● **SUPPLIED DATA**:
====================
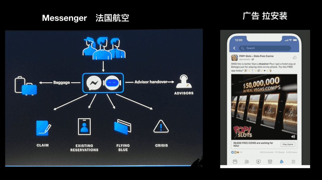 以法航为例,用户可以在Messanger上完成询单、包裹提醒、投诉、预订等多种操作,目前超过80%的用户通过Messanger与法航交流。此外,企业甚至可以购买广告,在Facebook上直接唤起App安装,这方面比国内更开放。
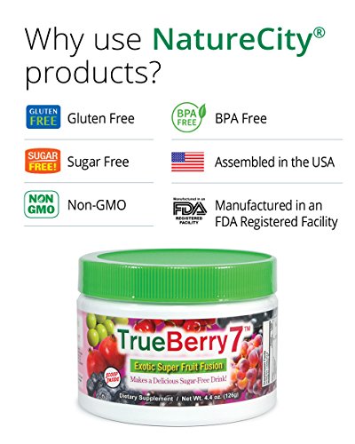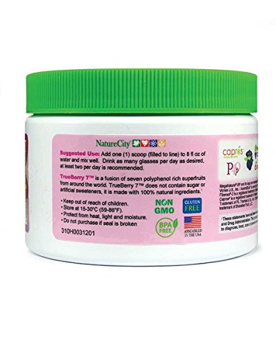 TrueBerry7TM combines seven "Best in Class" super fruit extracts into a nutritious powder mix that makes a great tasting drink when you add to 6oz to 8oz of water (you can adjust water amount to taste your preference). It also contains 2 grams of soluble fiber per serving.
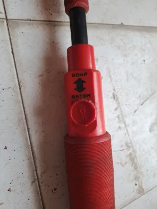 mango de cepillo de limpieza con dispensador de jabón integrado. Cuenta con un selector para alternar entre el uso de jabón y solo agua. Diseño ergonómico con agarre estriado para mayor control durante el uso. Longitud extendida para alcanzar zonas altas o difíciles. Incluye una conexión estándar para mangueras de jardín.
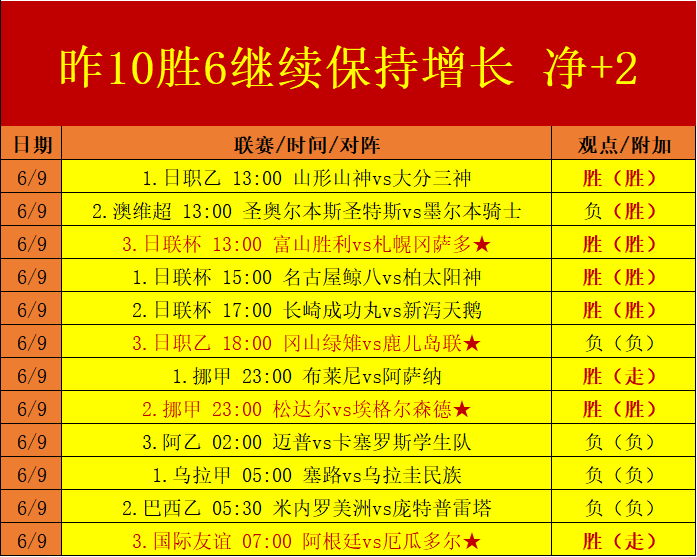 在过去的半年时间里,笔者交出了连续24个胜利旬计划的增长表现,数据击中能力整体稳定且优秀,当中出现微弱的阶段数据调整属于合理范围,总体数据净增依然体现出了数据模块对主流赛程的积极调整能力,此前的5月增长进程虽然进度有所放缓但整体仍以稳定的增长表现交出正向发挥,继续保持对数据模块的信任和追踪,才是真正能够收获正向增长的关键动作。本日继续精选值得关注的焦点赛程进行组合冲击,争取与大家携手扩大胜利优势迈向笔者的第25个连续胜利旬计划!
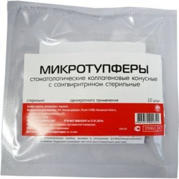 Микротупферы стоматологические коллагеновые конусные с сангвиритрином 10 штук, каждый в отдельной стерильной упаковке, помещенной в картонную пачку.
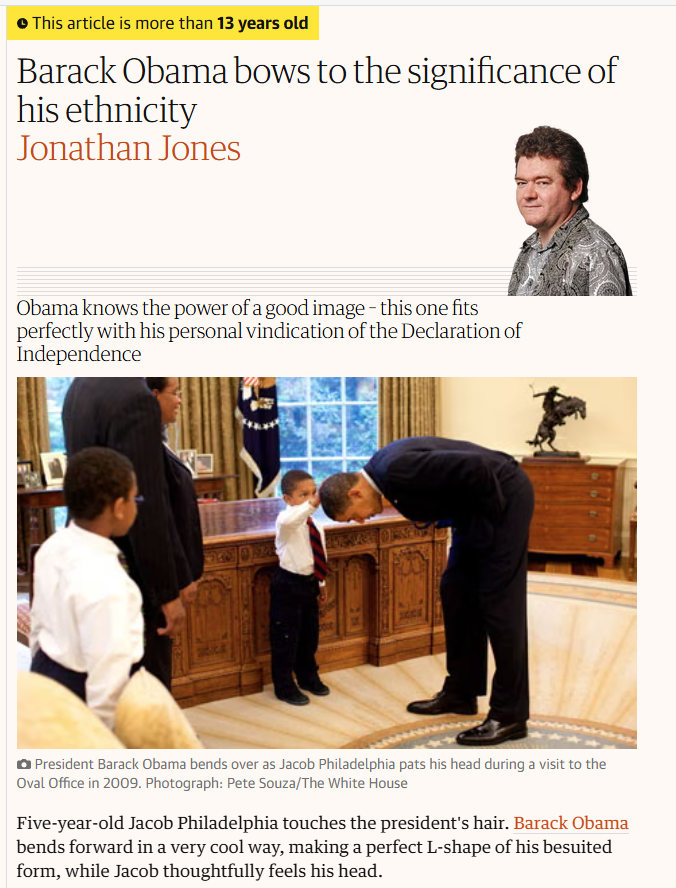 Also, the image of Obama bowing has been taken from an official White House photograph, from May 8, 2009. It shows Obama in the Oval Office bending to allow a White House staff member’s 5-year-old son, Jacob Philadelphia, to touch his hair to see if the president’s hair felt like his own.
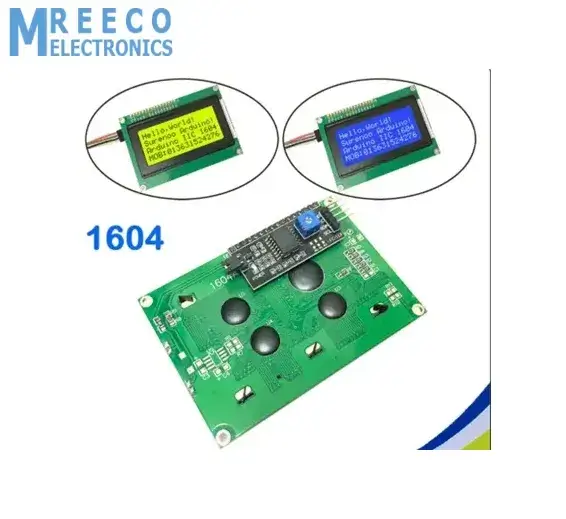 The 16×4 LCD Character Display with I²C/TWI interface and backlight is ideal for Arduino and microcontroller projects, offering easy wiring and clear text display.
====================
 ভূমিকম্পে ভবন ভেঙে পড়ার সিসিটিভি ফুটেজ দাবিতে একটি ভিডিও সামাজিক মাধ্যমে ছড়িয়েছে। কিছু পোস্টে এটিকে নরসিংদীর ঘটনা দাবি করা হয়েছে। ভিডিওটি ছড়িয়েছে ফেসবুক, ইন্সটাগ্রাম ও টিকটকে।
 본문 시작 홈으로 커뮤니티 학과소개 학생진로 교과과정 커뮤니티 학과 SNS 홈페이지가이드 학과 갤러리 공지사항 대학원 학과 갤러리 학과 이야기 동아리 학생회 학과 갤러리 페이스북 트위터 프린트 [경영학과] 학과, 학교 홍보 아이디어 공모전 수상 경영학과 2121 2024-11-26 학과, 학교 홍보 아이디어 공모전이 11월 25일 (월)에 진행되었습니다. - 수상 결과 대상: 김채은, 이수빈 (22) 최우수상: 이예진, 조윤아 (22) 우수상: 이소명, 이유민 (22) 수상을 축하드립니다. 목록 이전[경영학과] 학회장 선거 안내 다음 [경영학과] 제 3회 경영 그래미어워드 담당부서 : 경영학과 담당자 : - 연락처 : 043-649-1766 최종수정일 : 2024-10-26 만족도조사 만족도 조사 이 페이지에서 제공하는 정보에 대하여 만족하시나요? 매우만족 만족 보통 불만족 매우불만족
====================
● **EXERCISE DETAILS**: The lines above from the line with "以法航为例,用户可以在Mes" through the line with "Микротупферы стоматологические коллагеновые" are to be given again word for word, with no pictures among them.

● **ANSWER SECTION**:
 以法航为例,用户可以在Messanger上完成询单、包裹提醒、投诉、预订等多种操作,目前超过80%的用户通过Messanger与法航交流。此外,企业甚至可以购买广告,在Facebook上直接唤起App安装,这方面比国内更开放。
 TrueBerry7TM combines seven "Best in Class" super fruit extracts into a nutritious powder mix that makes a great tasting drink when you add to 6oz to 8oz of water (you can adjust water amount to taste your preference). It also contains 2 grams of soluble fiber per serving.
 mango de cepillo de limpieza con dispensador de jabón integrado. Cuenta con un selector para alternar entre el uso de jabón y solo agua. Diseño ergonómico con agarre estriado para mayor control durante el uso. Longitud extendida para alcanzar zonas altas o difíciles. Incluye una conexión estándar para mangueras de jardín.
 在过去的半年时间里,笔者交出了连续24个胜利旬计划的增长表现,数据击中能力整体稳定且优秀,当中出现微弱的阶段数据调整属于合理范围,总体数据净增依然体现出了数据模块对主流赛程的积极调整能力,此前的5月增长进程虽然进度有所放缓但整体仍以稳定的增长表现交出正向发挥,继续保持对数据模块的信任和追踪,才是真正能够收获正向增长的关键动作。本日继续精选值得关注的焦点赛程进行组合冲击,争取与大家携手扩大胜利优势迈向笔者的第25个连续胜利旬计划!
 Микротупферы стоматологические коллагеновые конусные с сангвиритрином 10 штук, каждый в отдельной стерильной упаковке, помещенной в картонную пачку.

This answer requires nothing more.